Gridium Labs: Playground for data science

Image courtesy Flickr user Carl W Wycoff

At Gridium, we have lots and lots of smart meter data. We have meter readings every 15 minutes for hundreds of thousands of meters, for thousands of days. We also have meter characteristics such as latitude and longitude, building square footage, and utility tariff information. We have years of hourly weather data from hundreds of weather stations. We know how to spin up hundreds Amazon EC2 instances to run R code using this data; the results power our products.

Why Labs?

But what about developing new analytic ideas? Greg, our data scientist, writes code on his desktop machine and tests it against a small data set. Wouldn’t it be nice if he could access our infrastructure and quickly try his code with thousands of meter data sets, on hundreds of machines at the same time? He certainly thought so, and that’s why we developed Gridium Labs.

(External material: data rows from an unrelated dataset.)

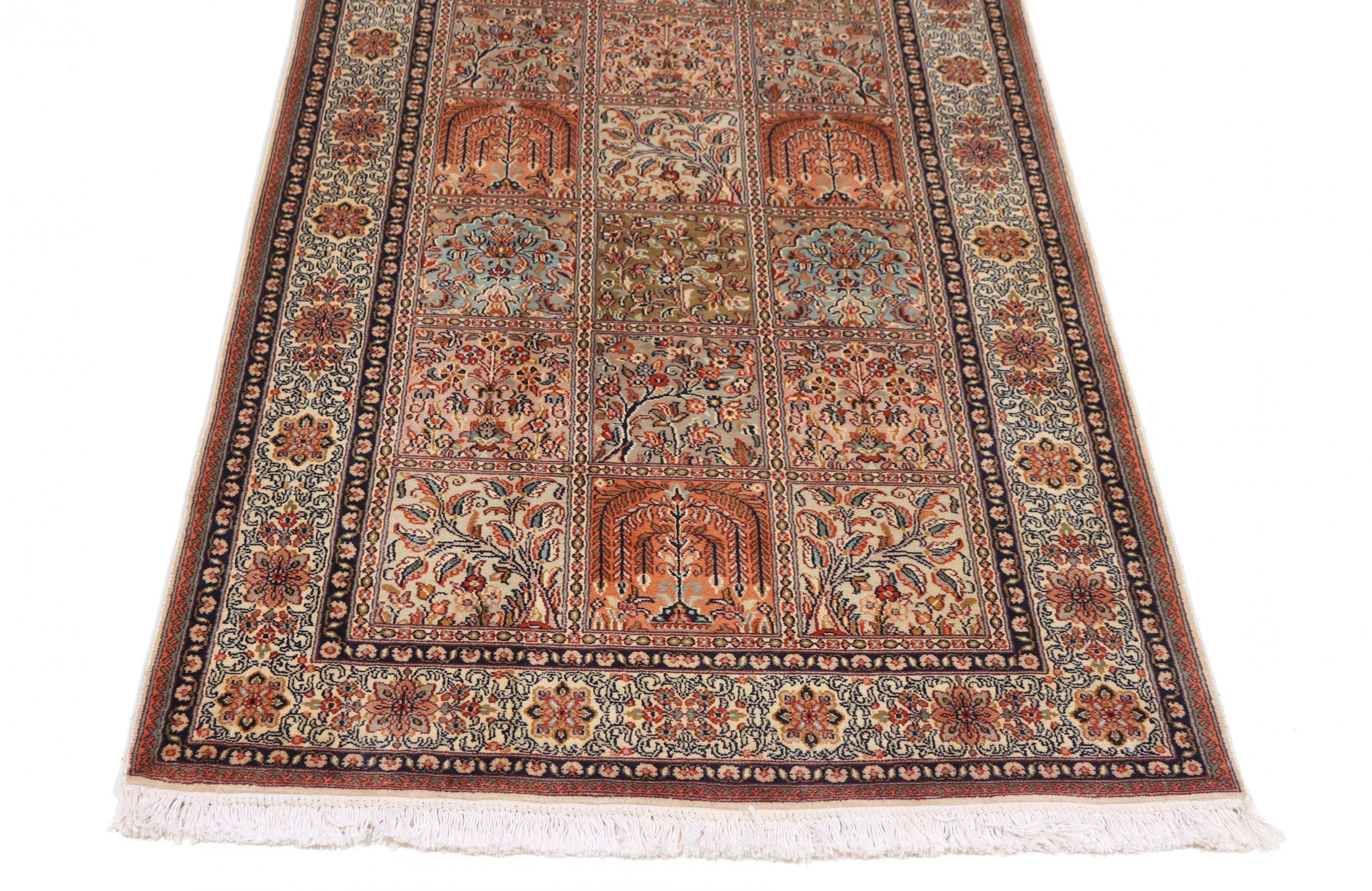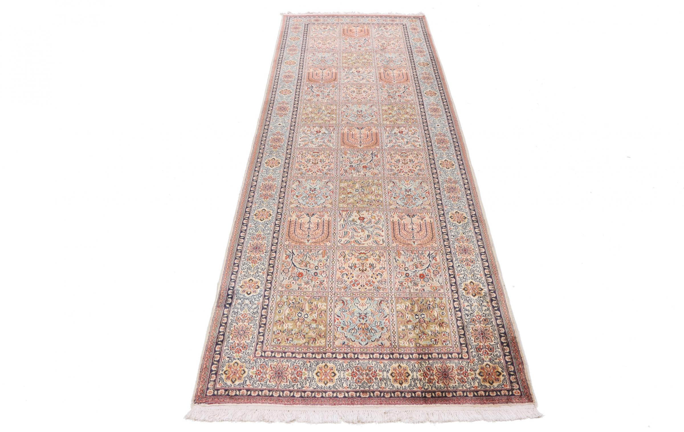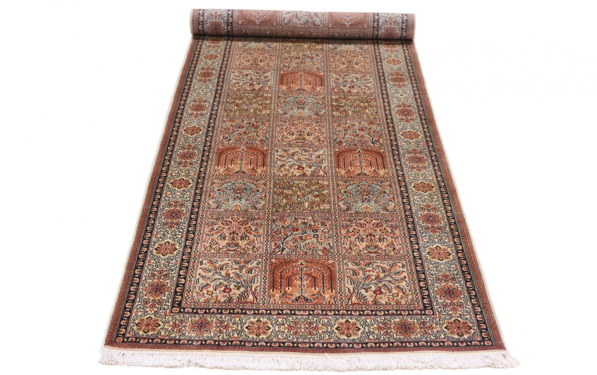 Covor Nr.: 108742006291087 Mărime: 306x96 cm Grosime: cca. 4 mm Noduri: 450 000 - 500 000 / m² Prelucrare: Lucrate de mână Catifeaua: Mătase Urzeala: Bumbac Origine: India Vechime: Nou Greutate: cca. 6 kg În stoc: Unic - Doar 1 în stoc
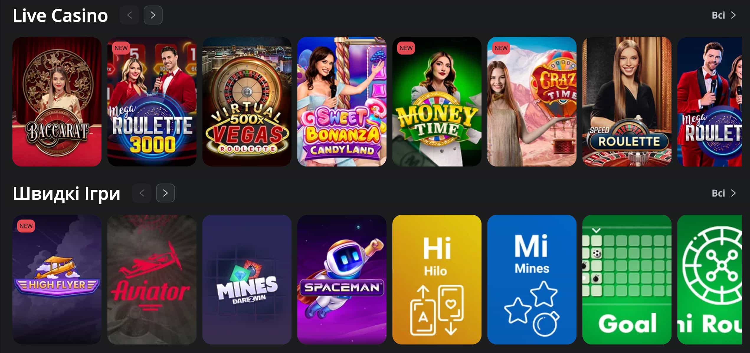 Для нових користувачів доступна стартова пропозиція — фріспіни або бонус на депозит. Формат залежить від поточної акції: це може бути множник до першого депозиту або певна кількість безкоштовних обертань у слотах.
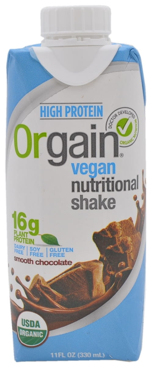 Orgain Smooth Chocolate Vegan Nutritional Shake: Contains 16g plant protein, 10 organic certified fruits and veggies and 21 vitamins and minerals. It is claimed to be perfect for pre- or post-workout replenishment, sustained energy, an antioxidant boost, weight management and busy lifestyles.
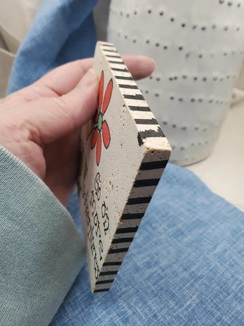 4" x 4" natural stone tiles wall art. Painted with India inks. Each is Handpainted by me in my Northern Illinois Home Studio. I enjoy painting on natural stone as their variations help to create one of a kind look!
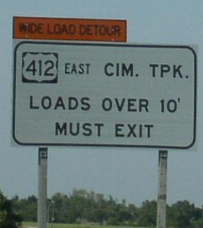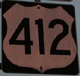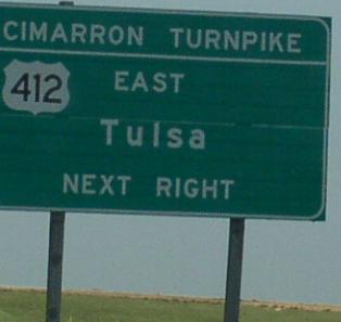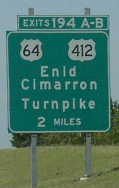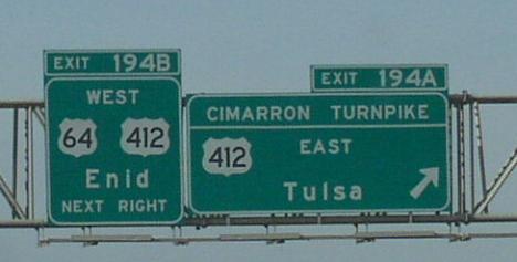 U.S. Federal Route 412 runs east-west across much of Noble County. Through Noble County, most of this highway runs on the Cimarron Turnpike. This highway is multiple lanes through the entire county. U.S. Rt. 412 passes through the county twice. U.S. Rt. 412 does not pass through any towns in Noble County. U.S. Rt. 412 is multi-plexed in Nobel County. U.S. Rt. 64, from near Ceres to the Garfield/Noble County Line. U.S. Rt. 412 intersects the following highways in Nobel County. U.S. Rt. 64, near Lela. U.S. Rt. 177, near Morrison. U.S. Rt. 77, near Red Rock. Interstate 35, near Ceres. U.S. Rt. 64, near Ceres. Cimarron Turnpike, near Ceres.

We already had a platform to spin up AWS machines and run product-related analytics jobs as needed. What we needed was a way for Greg to select interesting meters and date ranges, upload his R code, and then take advantage of our platform scaling capabilities to run the code on lots of machines at once. Unlike our regular batch analytics jobs, Labs needs an end user interface for choosing meters, running jobs, and retrieving results.

Overview

Gridium Labs makes our backend platform accessible to our internal end user. He uses a front end written with Ember that talks to a Python Pyramid web API. The webapp saves project data in MongoDB, launches and monitors asynchronous Celery tasks, and talks to the Java and Postgres backend platform system. The platform system spins up a dynamic pool of EC2 spot instances, sets them up with the data they need, launches the R code to churn through the data, and uploads the results to an S3 bucket.

Components

Selecting meters

The first thing Greg needs to do is narrow down the list of meters he wants to use. The meter selection screen has dropdowns for utility, product, and tariff; a date picker for latest available interval data; and a text box for the minimum days of interval data. Changing a field queries the webapp and updates the number of matching meters.

labs_meter_selection

The webapp usually talks to the backend platform using a REST service, but our custom ORM doesn’t support complex SQL queries. The ORM is great for getting data out of the database and into Java objects for the basic queries we do all the time, but sometimes it gets in the way. Labs needs to combine results from multiple tables, which isn’t something the ORM does well. Instead, the webapp talks directly to the database; I wrote queries to select for products, utilities, and tariffs, and combine them with intersect to get all matching meters.

Getting meter dates

Once Greg has a list of potentially interesting meters, he needs to find out what data we have available for each meter: date ranges for interval, weather, and billing data, and start and end dates for the next couple of billing periods. Greg wants in CSV format so that he can load it into R, explore it, and generate the list of analytic jobs he wants to run.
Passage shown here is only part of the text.